# Exercise directions
Copy the following data exactly and drop the pictures.
Data provided Block Start
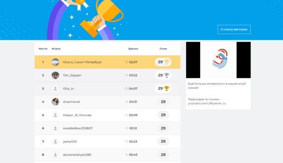 Одинаковый максимальный результат – 29 баллов – набрали сразу три человека, две Ольги и Татьяна, но Ольга Колмогорова из Санкт-Петербурга заработала свои баллы за рекордное время 2 минуты 37 секунд, благодаря чему и была признана победительницей квиза и обладательницей приза – умного браслета.
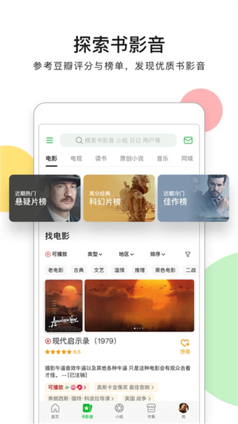 2、拥有庞大的影视音像资料库,能帮你迅速找到喜爱的电影、剧集、图书与音乐。你可以查阅评分与评论,获取真实可信的反馈;也能通过各类榜单、片单进行系统性的探索,梳理自己的兴趣脉络。你的每一次标记与评论都会成为独特的文化足迹。
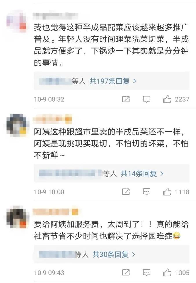 (1)“现在年轻人不喜欢做饭、买菜”(90后的群体特征); (2)“现在很多年轻人工作忙”(需求点:节约时间和精力); (3)“觉得做饭要洗切煮很麻烦”(需求点:吃的更便捷); (4)“现在年轻人赚钱不容易,外卖也贵”(需求点:吃的更便宜、降低生活成本); (5)“外卖吃多了,往往对身体不好”(需求点:吃的更健康)。此外,虽然李阿姨没说,但网友还表达了另外一点:“在家有父母宠,菜市有阿姨惯”。也就是说,这对离开父母生活的年轻人来说,阿姨“保姆级”、“亲妈式”的服务,有种像家一样的情感。
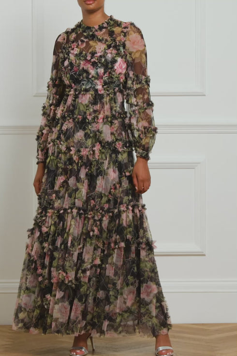 The English Rose Diamond Ruffle Gown in Graphite. This gown is inspired by a traditional rose print taken from a 1900s hand-painted artwork, in soft hues of deep pinks. Developed with signature Needle & Thread styling featuring perfectly engineered frills for all-over delicate texture. The perfect gown to take you from dinner to the dancefloor.
Data provided Block End
# Exercise result
 Одинаковый максимальный результат – 29 баллов – набрали сразу три человека, две Ольги и Татьяна, но Ольга Колмогорова из Санкт-Петербурга заработала свои баллы за рекордное время 2 минуты 37 секунд, благодаря чему и была признана победительницей квиза и обладательницей приза – умного браслета.
 2、拥有庞大的影视音像资料库,能帮你迅速找到喜爱的电影、剧集、图书与音乐。你可以查阅评分与评论,获取真实可信的反馈;也能通过各类榜单、片单进行系统性的探索,梳理自己的兴趣脉络。你的每一次标记与评论都会成为独特的文化足迹。
 (1)“现在年轻人不喜欢做饭、买菜”(90后的群体特征); (2)“现在很多年轻人工作忙”(需求点:节约时间和精力); (3)“觉得做饭要洗切煮很麻烦”(需求点:吃的更便捷); (4)“现在年轻人赚钱不容易,外卖也贵”(需求点:吃的更便宜、降低生活成本); (5)“外卖吃多了,往往对身体不好”(需求点:吃的更健康)。此外,虽然李阿姨没说,但网友还表达了另外一点:“在家有父母宠,菜市有阿姨惯”。也就是说,这对离开父母生活的年轻人来说,阿姨“保姆级”、“亲妈式”的服务,有种像家一样的情感。
 The English Rose Diamond Ruffle Gown in Graphite. This gown is inspired by a traditional rose print taken from a 1900s hand-painted artwork, in soft hues of deep pinks. Developed with signature Needle & Thread styling featuring perfectly engineered frills for all-over delicate texture. The perfect gown to take you from dinner to the dancefloor.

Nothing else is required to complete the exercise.